◆ Exercise objective: Skip every image and restate the data word for word.

◆ Dataset section:
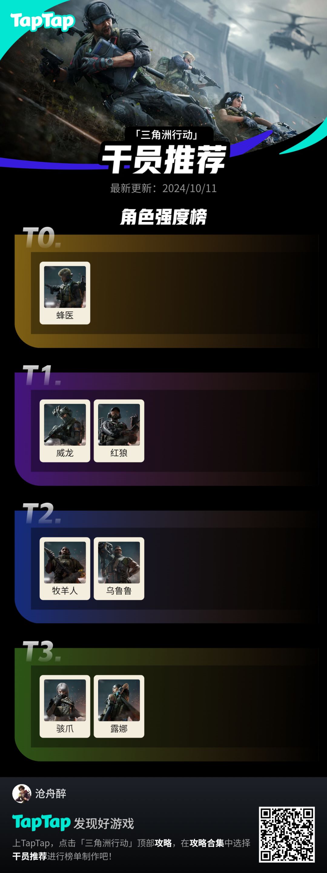 #三角洲行动干员推荐 #浅评一下 蜂医:技能上手简单,机制强,可以带的枪以冲锋枪为主,光是T0级别的枪就有好几把,比如p90,mp5,勇士,短剑等 红狼/威龙:技能需要搭配一定的操作,枪械方面稍弱一点蜂医和工程 工程,:技能较弱,但是能带的枪强。步枪M7的含金量不多说 侦查位:技能强度一般,能带的枪以狙击为主。这游戏狙击枪有多好用玩过的都懂。而冲锋枪只有两把,还是最弱的两把冲锋枪。
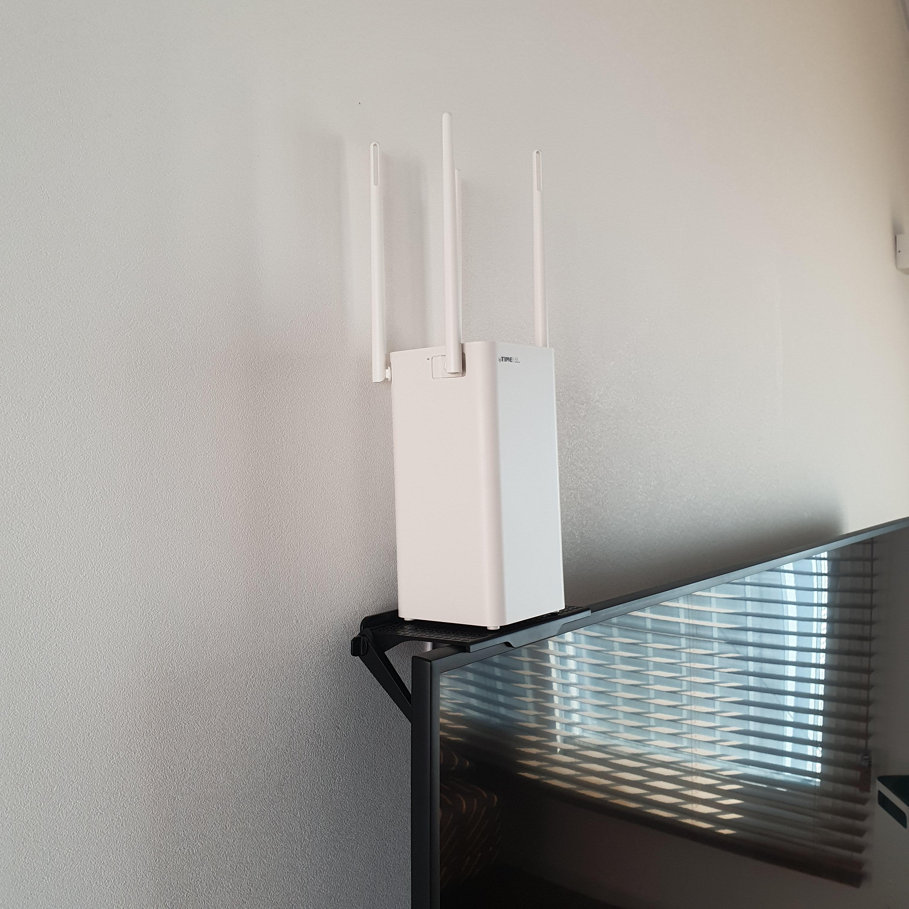 기존에 DIR-882는 벽걸이 티비 뒤에 설치했었다. DIR-882를 티비 위로 올려봤는데도 신호가 개선되지 않았다. 신호가 개선되었다면 검은색 공유기가 눈에 띄더라도 티비 위에 아슬아슬하게 거치하여 사용했을 것 같다. AX3004BCM 은 처음부터 티비 위에 선반을 놓고 거치하였다. 흰색이라서 티비 볼 때 눈에 거슬리지는 않는다. 티비 뒤에 숨겨놓으려고 하면 티비가 앞으로 많이 돌출되어야만 하기도 했다 ㅠㅠ (인터넷 공유기가 모듈로 내장된 티비를 만들어내라 엘지 삼성아... 이 모듈을 교체할 수 있게 만들어주면 좋겠다)
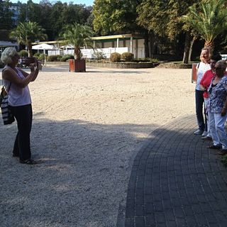 Einige unserer Damen spazieren durch den fast schon herbstlichen Park. Erinnerungsfotos werden geschossen. Erst eine kleine Gruppe, dann kommt ein netter junger Mann dazu und muss natürlich auch auf's Bild:
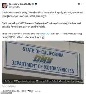 The state argued that the extension would allow drivers to continue working ‘to serve our communities,’ a statement that Duffy dismissed as a ‘lie’ and a dangerous attempt to circumvent federal authority.

◆ Solution to the problem:
 #三角洲行动干员推荐 #浅评一下 蜂医:技能上手简单,机制强,可以带的枪以冲锋枪为主,光是T0级别的枪就有好几把,比如p90,mp5,勇士,短剑等 红狼/威龙:技能需要搭配一定的操作,枪械方面稍弱一点蜂医和工程 工程,:技能较弱,但是能带的枪强。步枪M7的含金量不多说 侦查位:技能强度一般,能带的枪以狙击为主。这游戏狙击枪有多好用玩过的都懂。而冲锋枪只有两把,还是最弱的两把冲锋枪。
 기존에 DIR-882는 벽걸이 티비 뒤에 설치했었다. DIR-882를 티비 위로 올려봤는데도 신호가 개선되지 않았다. 신호가 개선되었다면 검은색 공유기가 눈에 띄더라도 티비 위에 아슬아슬하게 거치하여 사용했을 것 같다. AX3004BCM 은 처음부터 티비 위에 선반을 놓고 거치하였다. 흰색이라서 티비 볼 때 눈에 거슬리지는 않는다. 티비 뒤에 숨겨놓으려고 하면 티비가 앞으로 많이 돌출되어야만 하기도 했다 ㅠㅠ (인터넷 공유기가 모듈로 내장된 티비를 만들어내라 엘지 삼성아... 이 모듈을 교체할 수 있게 만들어주면 좋겠다)
 Einige unserer Damen spazieren durch den fast schon herbstlichen Park. Erinnerungsfotos werden geschossen. Erst eine kleine Gruppe, dann kommt ein netter junger Mann dazu und muss natürlich auch auf's Bild:
 The state argued that the extension would allow drivers to continue working ‘to serve our communities,’ a statement that Duffy dismissed as a ‘lie’ and a dangerous attempt to circumvent federal authority.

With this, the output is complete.